Is the Sling-O-Matic comfortable? Convenient? Discreet?


----------



## sawsedge (Dec 30, 2011)

To specific a question? To new a product?


----------



## Kahuna (Dec 30, 2011)

sawsedge,

very nice bag, yes comfortable (if you like the shoulder sling type bag), yes convenient, not sure about discreet. The only drawback I see is if you a grip + the 100-400 you may not be able fit the 15-85. Definitely try it out.

Other option to consider is the Lowepro Flipside. I purchased the flipside 300 since it fits my 5DII with grip better than the 200.

Drawback to both...not really weather resistant.


----------



## dstppy (Dec 30, 2011)

Kahuna said:


> sawsedge,
> 
> very nice bag, yes comfortable (if you like the shoulder sling type bag), yes convenient, not sure about discreet. The only drawback I see is if you a grip + the 100-400 you may not be able fit the 15-85. Definitely try it out.
> 
> ...



The flipside 200 is downright microscopic. I have the 200 and the 300.


----------



## DavidRiesenberg (Dec 30, 2011)

Never used the Sling-O-Matic but as I like to take a camera with me whenever I go out of the house, my day-to-day bag is a Domke shoulder bag. It fits a gripped body and two large lenses quite comfortably if none of the lenses are attached. It IS possible to carry an a gripped body with a lens attached but then it starts to get a bit too wide for my taste. It also has a 13" laptop compartment which usually holds an iPad in my case. Also, as far as discreet goes, you can't go more discreet than this bag, IMO. It has a nice brown color and coated with wax so it pretty much looks like a nicely weathered run of the mill messenger bag. You can also remove the inner padding and use it as an ordinary shoulder bag if you wish. Personally I am very happy with it.

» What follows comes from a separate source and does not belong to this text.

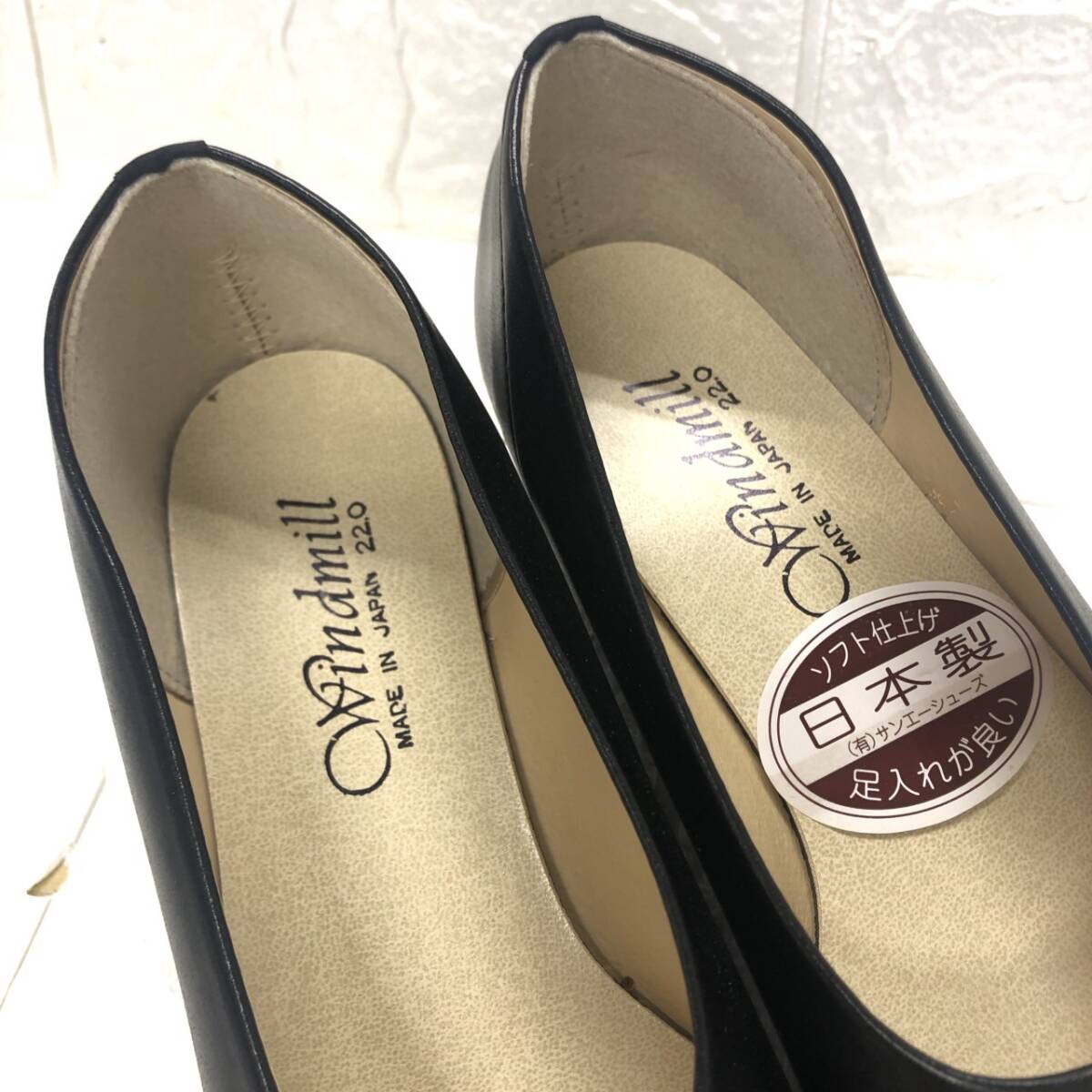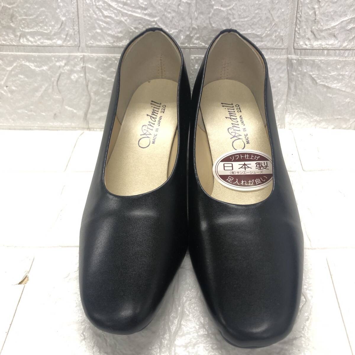 ★【在庫処分価格】Windmill パンプス ブラック 22㎝ EEEE ソフト仕上げ 日本製 ウレタンソール ヒール約3.5㎝☆T8-746J

As far as drawbacks go, besides the gripped body+lens issue, it only has one zippered compartment. A large compartment, but still I'd like to have a few more, even if smaller, for better organization.

Oh, the model is F-832


----------



## sawsedge (Dec 31, 2011)

Thanks for the replies. I'll take a look at the others. I don't have a grip, so no worries about that.


----------